Overcoming “Shopping Defeat”

Let me know if this situation sounds familiar. You’re shopping and you are becoming really upset, self conscious, frustrated, and defeated trying to find things that fit you. Tears may or may not happen. You end up leaving the store having purchased absolutely nothing, or maybe a pair of sweats because they’re “all that fit you right now.” So, does it sound familiar? I used to think that situations like these only happened on What Not to Wear, and were completely staged. Well, that was until I had my fair share of moments like that myself, and after 6 years of retail management, I saw many others having the same issues. It’s never fun nor easy to admit things aren’t fitting you the way you want, or you can’t seem to find what you were looking for. So I am here to offer the best advice I can, and hopefully help ease the process of shopping (trust me, I have my fair share of meltdowns when shopping).

First, try to not be too specific when shopping. It’s okay to go in saying that you need a new pair of jeans. It gets trickier when you want a light wash denim, but not too light, with distressing, but not too much distressing, and must hit 3 inches above the ankle.
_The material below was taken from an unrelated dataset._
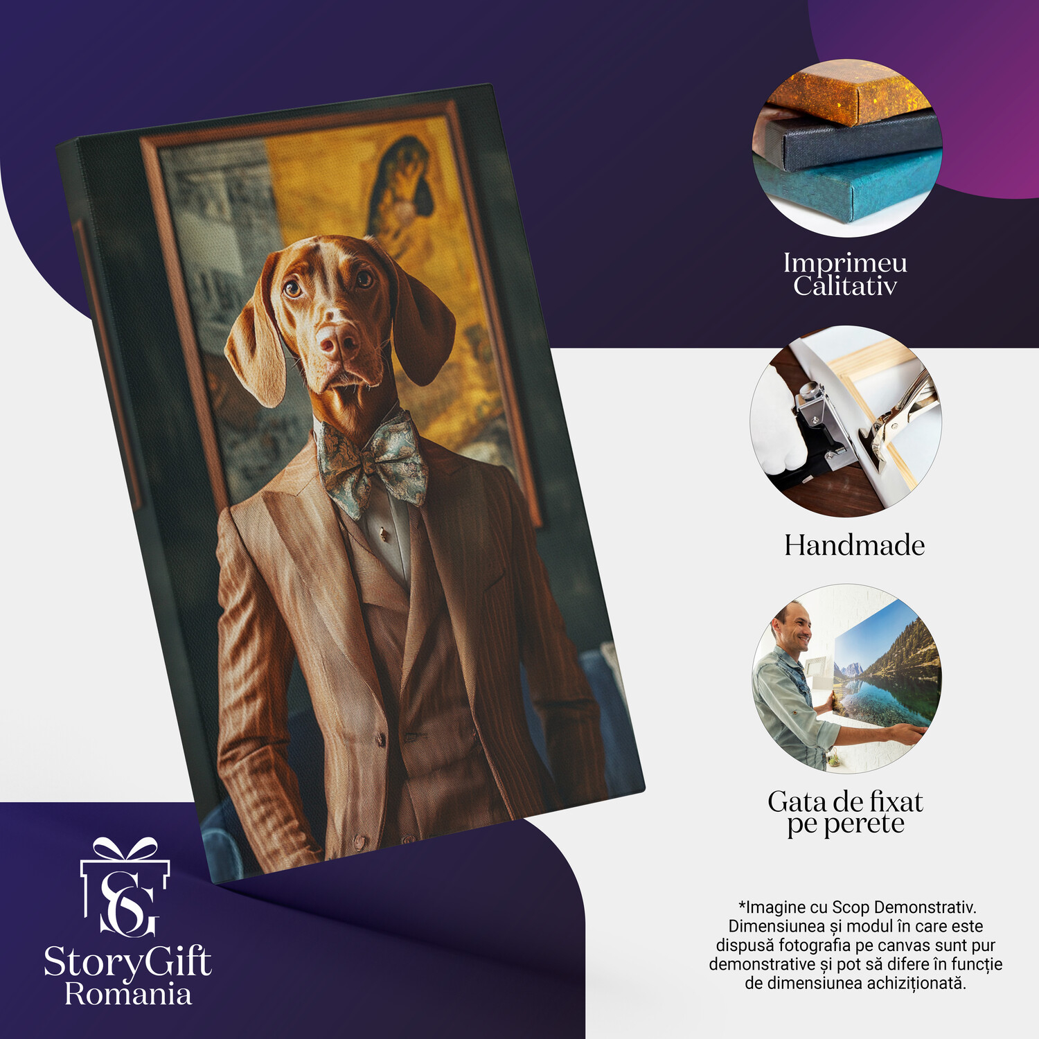 Tablou Canvas Personalizat Portret Stil Aristrocrat Masculin, Costum Maro Cu dungi, Papion Masiv Albastru Cu Detalii Auri 120x80CM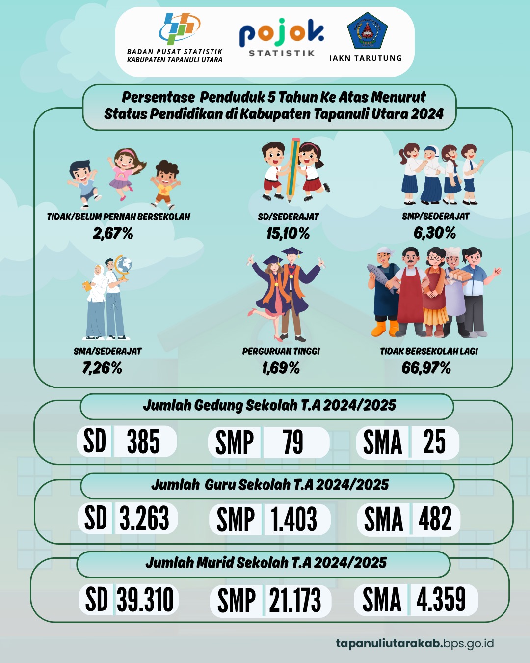 Infografis statistik pendidikan anak usia 5 tahun ke atas menurut status pendidikan

That might be a bit of an extreme example (though I’ve had some pretty similar examples to this from over the years), but you get the point. You have to be open to trying on different washes, fits, etc. The only time that this rule of thumb won’t really work is for situations like bridesmaid dresses, certain work situations, etc. You have to go in to any store with an open mind. Also don’t be afraid to ask for help from employees. Any decent retail employee will have insight to how each garment will fit, or offer other alternatives that you might not have considered.

Second, please don’t get too hung up on size. As someone who has struggled with this many times myself, I can’t stress this one enough. I can tell you the typical pep talk routine, that size is just a number (which is 1000% true but still can be annoying hearing it all of the time), but I’m going to go a bit further. As much as I would love for size to be a universal standard, it just isn’t. From brand to brand size can change. Heck, within a single brand size can be different. Materials can change which size of something you need to buy (anything that has 2% spandex or more will stretch for example), different cuts, and other factors will determine which size a person should be buying. Just be open, and don’t be afraid to go up or down a size. Sometimes going up a size can actually be more flattering, not just sizing down. Also, keep in mind each store’s target market. When I managed Hollister (dark time in my life that I don’t like to talk about much), I would see adults complaining about the fit. Yes things in that store run small, that’s because the target market of that brand is middle school to early high school. I would sure hope full grown adults don’t fit into the smallest sizes simply because it’s meant for a 12 year old.

Third, go shopping with someone you trust. You want someone who will give you an honest opinion but can also be gentle with their opinion. If you don’t have someone, ask an employee you trust. I hate to say it but I would never trust an H&M employee to help me in this department, but other stores absolutely!!! J. Crew, Banana Republic, Anthropologie, Ann Taylor, Nordstrom, etc will have great employees to help you. Afraid that they are on commission so they are just saying whatever you want to hear to make the sale? Think again. If you end up returning the item, they lose the sale. And many stores don’t work on commission. So be a bit more trusting with a honest opinion.

Fourth, reach out for help. One of my favorite things about using Trunk Club is knowing that I have a personal shopper/stylist on the other end. Bridget (my stylist) and I have talked multiple times about what styles I like, what I am looking for, and any special requirements that I might have. So now that I am married and wear the LDS Garment, I need bottoms that are at least to my knee and tops that have a minimum of a cap sleeve. It is nice being able to tell her these things and she keeps them in mind as she shops for me. I also can send her pictures of outfit ideas that I like and she can keep her eyes out for them. She has the ability to shop for me and alleviate any stress that could be caused.

At the end of the day, shopping shouldn’t be causing you stress. If you are getting overwhelmed take a break if you can. Go get lunch, go home, do what you need to in order to get your mind off of it for a bit. Don’t let something as silly as clothes ruin your day or your self image.